Priorities for the Coming Year

In the coming year, the priority will be to continue the focus on exemplary service delivery to retain existing clients, and to offer them additional services to help them further understand and communicate with retail and institutional investors.

The key focus areas will include:

  • Continued attention on cost reduction and client retention strategies.
  • Helping clients develop strategies to address their retail shareholders long term with shareholder relationship management programs aimed at delivering cost savings, additional revenue and, where appropriate, liquidity in the retail base.
  • Supporting clients’ cost saving objectives through e-Communications initiatives and programs to trace missing shareholders.
  • Introducing UK clients to our ADR capability, so they can take advantage of Computershare’s integrated network and extensive knowledge of securities markets.
  • Providing clients with an integrated set of services such as share option plans with low cost dealing.
  • Increase the use of automated phone based and web based services by issuers, shareholders and brokers.
  • Increase revenue from the contact centre facility as part of communications programmes for nonregistry clients.

PLAN MANAGERS (CPM)

The Year in Review

Our strategy this year has been to focus on plan implementation, client retention and growth, specifically with clients administering multiple plan types in different countries.

After a period of rapid growth this has been a year of consolidation, where we have invested in new technology and improved management and operational processes. Our focus has been to ensure the successful implementation of new share plans and to introduce new technology to improve efficiency and service. COSMOS Options, which allows employee plan members around the world to conduct transactions online, was successfully introduced for Philips. An Interactive Voice Response enrolment system has improved services for new plan participants – speeding up registration and improving internal efficiency. There have been enhancements for online services for plan members including historical transaction enquiries, and enrolment, account closure and maturity transactions plus real time share price information. We have also integrated share trading with our share plan administration packages and this has significantly increased our ability to generate revenues from sources other than core administration.

The main services Plan Managers have promoted during the year are Share Incentive Plans (SIP) and Executive Share Options Plans.
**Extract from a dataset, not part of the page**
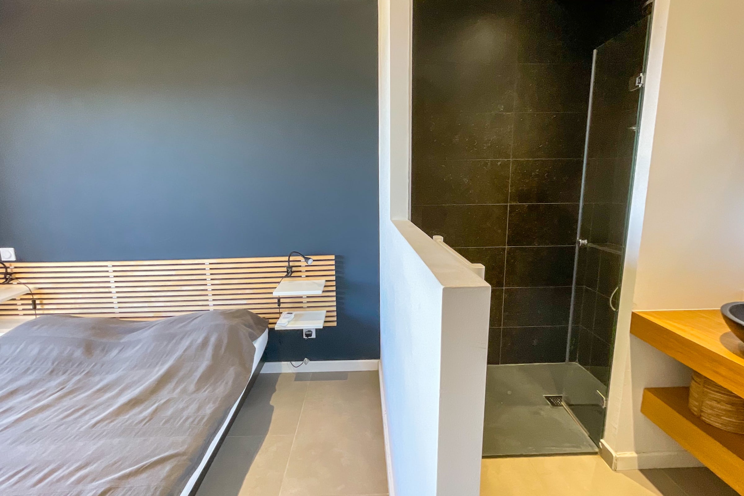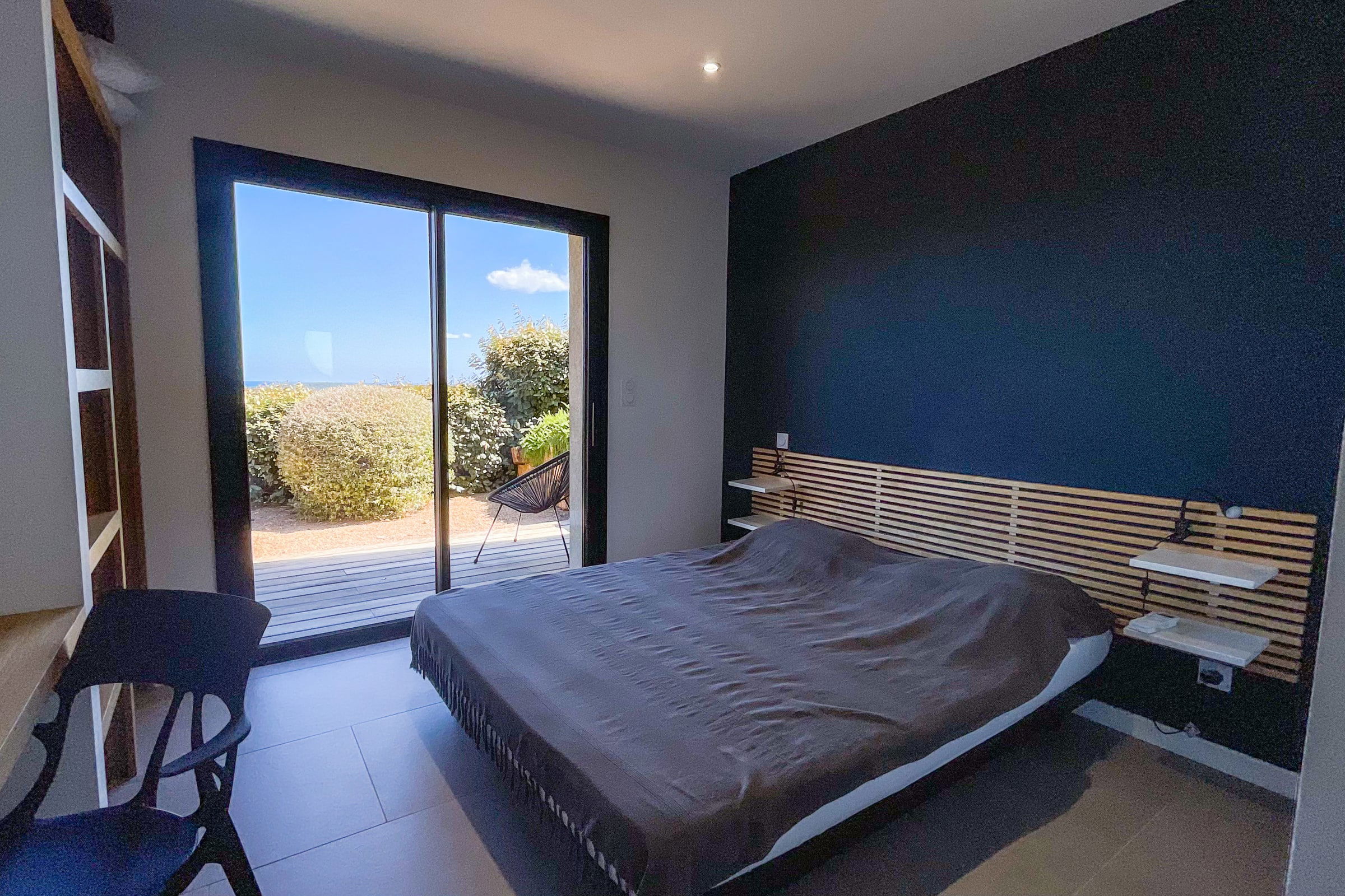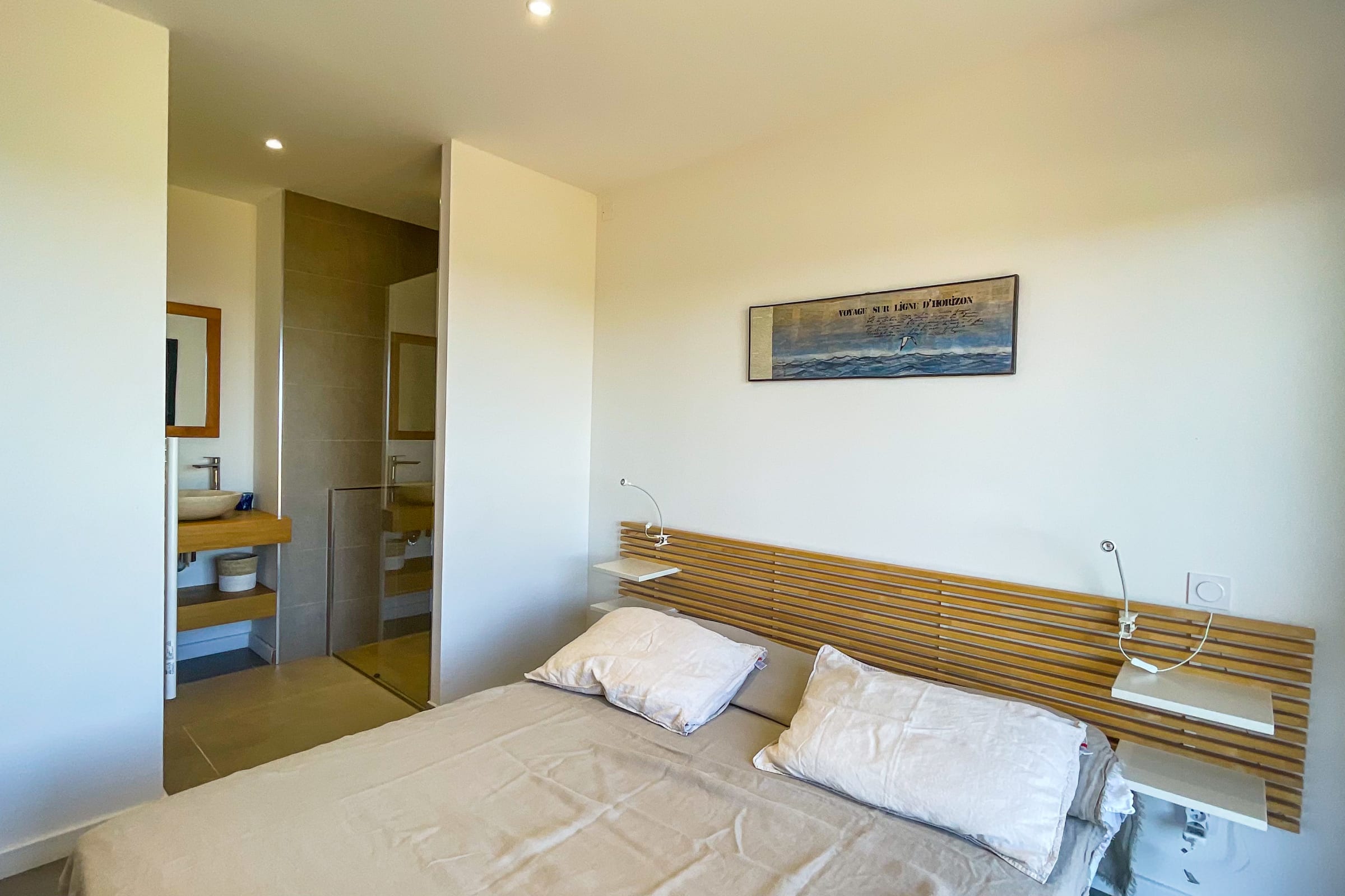Chambre 6 : Suite parentale - lit Queen Size ( 160*200) Située à l'étage supérieur avec très grande terrasse vue mer. Douche et toilette

While our focus has been on consolidation, we have still increased our revenues significantly and attracted some sizeable new business from blue-chip clients.

Market Conditions

The year was characterised by a slow-down in option plan activity following proposed changes in accounting treatment for options and the general economic downturn. Despite these conditions, the plans business performed well, and against the trend, by producing an increased contribution to revenues and to EBITDA.

Significant Transactions

Major new executive options and share incentive plan schemes have been won from blue chip clients including:

  • Global share plans for British American Tobacco.
  • Global share plans for Reckitt Benckiser.
  • Share Incentive Plan for the Royal Bank of Scotland.
  • Share Incentive Plan for Powergen.

Working with Ernst & Young UK, we undertook a series of share plan workshops addressing key topics for clients.

Priorities for the Coming Year

  • Improve online and IVR services to further enhance services to plan members
  • Target global companies with large employee pools
  • Continue to improve the quality of services in order to gain more plans business from new clients and from existing clients of our other business.